Tuesday, December 23, 2025
ADVT 
Interesting

As NBA returns, so must an NBA writer in early hot spot

Darpan News Desk The Canadian Press, 30 Jul, 2020 10:44 PM
  • As NBA returns, so must an NBA writer in early hot spot

I couldn’t wait to watch basketball in March.

The schedule in New York was as good as I could remember in my years covering the NBA for The Associated Press. Superstars Stephen Curry, Kawhi Leonard and James Harden would be here. So would the NBA champion Toronto Raptors and 1970 champion Knicks, for a 50th anniversary celebration.

And with NCAA Tournament games at Madison Square Garden, I was going to cover March Madness for the first time since writing for UConn’s Daily Campus in 1995 when the Huskies won their first women’s title.

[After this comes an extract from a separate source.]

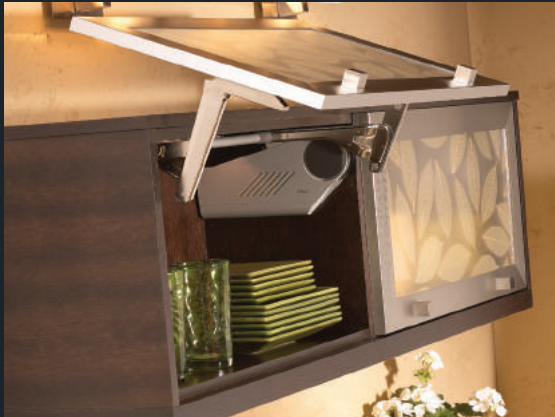
Up and Over Lift System

Just one problem: I was going to miss the game I wanted to see most.

Brooklyn was hosting San Antonio on March 6. Spurs coach Gregg Popovich, longtime NBA Commissioner David Stern and Kobe Bryant have been my three favourite interviews, because you could get something good but had to be good to get it. You could be enlightened. You could be embarrassed. You could get a geography lesson that goes viral with more than 17,000 views on YouTube.

Stern died Jan. 1. I wrote his obituary, then wiped away tears during a video tribute that night before a game at Madison Square Garden.

Kobe died Jan. 26. I wrote a reaction piece, then cried that night during another video tribute at MSG.

So, as we grieved our way through this saddest of NBA seasons, I wanted to see the guy who was suddenly the last one I had left.

But a “Me and My Guy Dance” was scheduled at the elementary school my two daughters attended. They were ambivalent about going — we'd just had the Girl Scouts version in February — but my wife had bought the tickets and other dads expected me. I needed something, perhaps important news, to get out of it.

So, I emailed my friend Tom James, head of Spurs media relations, hoping he'd give me some.

He had nothing.

“Enjoy the dance!!” he wrote.

I'm sure we would've. But our plans, and our world, changed.

New Rochelle, New York, had a coronavirus outbreak, believed at that time to be the largest cluster of cases in the U.S., after an attorney who was infected attended events at a synagogue.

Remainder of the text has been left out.